The calculated frequency at 1006 cm⁻¹ standing for the symmetric mode of the C_iO_2i related to the 1116 cm⁻¹ carbon-related mode of the C–O(1) defect lies very close to the experimental line at 1020 cm⁻¹, supporting the attribution of this line to the C_iO_2i defect. Since the calculated dot product of the dipole moment vectors is positive, one would expect the symmetric modes at 872 and 1006 cm⁻¹ to give stronger IR signals than the antisymmetric ones, at 1098 and 1205 cm⁻¹. In our spectra, only the symmetric mode at 1006 cm⁻¹ is detectable. The other band at 872 cm⁻¹ is not detected in our experiment. This is possibly because its weak signal is masked by the stronger signal of the VO₂ defect (Figure 1) in the same region. It is worth noting that if both dipoles oscillated along the direction connecting them, the theoretical outcome through the dipole–dipole interaction process would have provided a better fit (1021 cm⁻¹) to the experimental value at 1020 cm⁻¹.

The present calculations provide support for the notion that the 1020 cm⁻¹ line can originate from the C_iO_2i defect. Regarding this correlation, it deserves noting that early IR studies of the evolution of carbon and its loss from solution, upon thermal treatments of Cz-Si at 450 °C, have revealed the formation of a band at 1026 cm⁻¹ attributed to a carbon-oxygen dimer complex [43,44,45].

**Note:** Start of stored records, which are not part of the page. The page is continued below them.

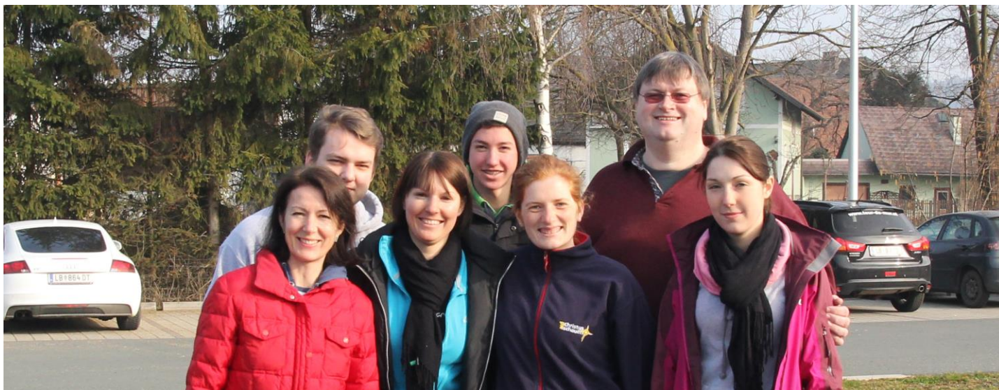
Abbildung 2: Zur Qualitätssicherung waren wir im Jakobihaus schon „probewohnen“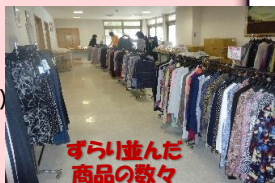
3月行事の衣料品販売会↑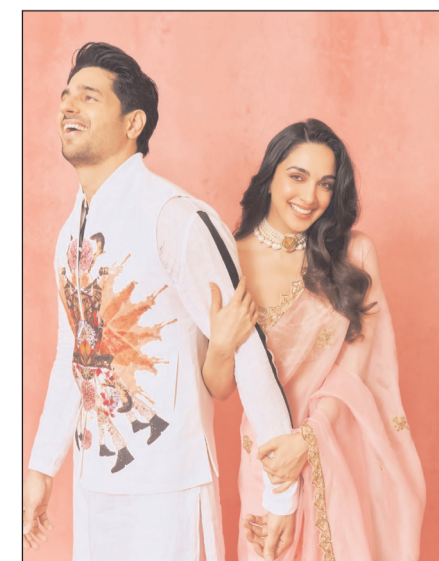
NMACC इवेंट के बाद Siddharth-Kiara का रोमांटिक फोटोशूट, Traditional Look में जीता फैंस का दिल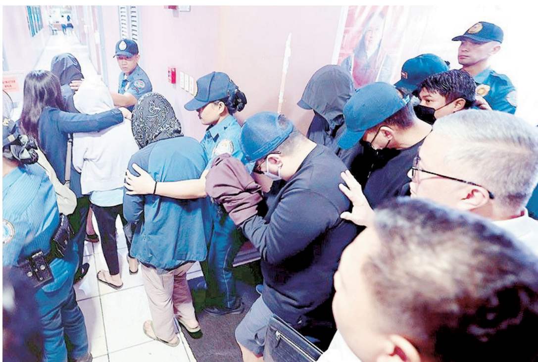
涉及東岷多洛防洪工程舞弊案的8名被告，昨日被押送至廉政法庭，以進行登記並簽發羈押令。

足的安保。根據我們聽到的消息，他們已經加入了一個幫派。就是『他們是洪水幫』（Baha na Sila Gang）。他巧妙地運用了防洪控制與『聽天由命幫』（Bahala na Gang）的雙關語，後者是我國懲教系統中一個長期存在的受刑人團體。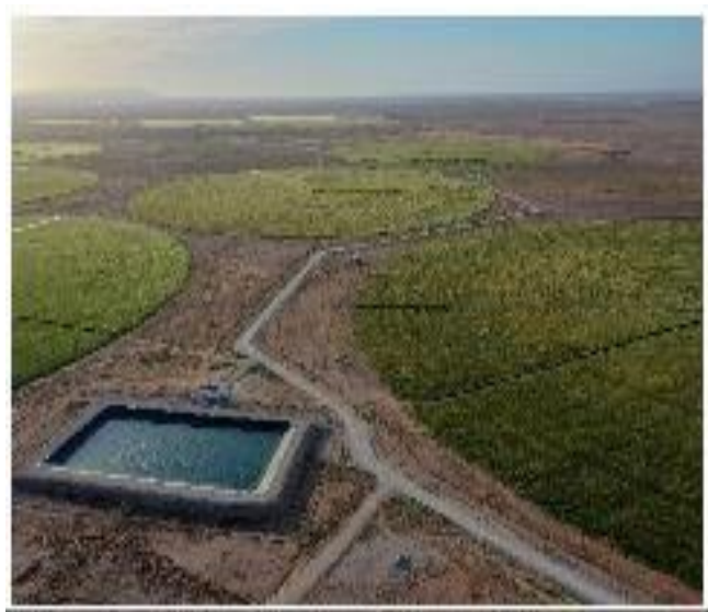
Figure 2: Vue générale de l'exploitation agricole du COSIDER

An important point: In our studies of electron irradiated silicon, the 1020 cm⁻¹ band is formed around 300 °C upon the decay of the 862 cm⁻¹ band of the C_iO_i pair. However, in proton-irradiated thermally treated Si, the formation of the C_iO_2i occurs at temperatures above 400 °C according to the reaction C_i +O_2i → C_iO_2i [17,18,19]. The suggested mechanism in the latter reports involves the dissociation of the C_iO_i and the capture of the liberated carbon interstitials by oxygen dimers. Profoundly, at these temperatures the availability of oxygen dimers plays an important role in the validity of the above reaction. In our case of electron irradiated silicon, C_iO_2i emerges in the spectra around 300 °C. However, the concentration of dimers at ~300 °C is practically negligible [2], and the reaction C_i +O_2i → C_iO_2i could not account for the formation of the C_iO_2i. Other reaction channels should govern the formation of the C_iO_2i in our case. One suggested reaction is the following: It is known that C_iO_i anneals out mainly by dissociation (C_iO_i → C_i + O_i), but a small percentage of them could migrate in the lattice as an entity [1,15], being trapped by O_i atoms. This process leads to the formation of C_iO_2i structure (O_i + C_iO_i → C_iO_2i). Additionally, another reaction mechanism could be envisaged. It is known that among the reactions that VO pair participates upon annealing, the main two are the following [7]: VO + O_i → VO₂ and VO + Si_I → O_i. In the latter reaction, sources of the participating self-interstitials are self-interstitial clusters formed in the course of the heavy irradiation of the Cz-Si [2]. In addition, O_i could be additionally provided [7] by the dissociation of VO. Since VO anneals out in parallel with C_iO_i, the following scheme is suggested. The liberated O_i atoms, in the course of VO dissociation or/and its destruction by self-interstitials, trap C_iO_i pairs leading to C_iO_2i complexes (VO + Si_I → O_i, VO → V + O_i, and then O_i + C_iO_i → C_iO_2i). Apparently, the above two suggested reaction channels for the formation of the C_iO_2i defect may occur in parallel. Such reactions could account for the formation of the C_iO_2i in irradiated Si and explain its appearance at lower temperatures than those in thermally treated Si.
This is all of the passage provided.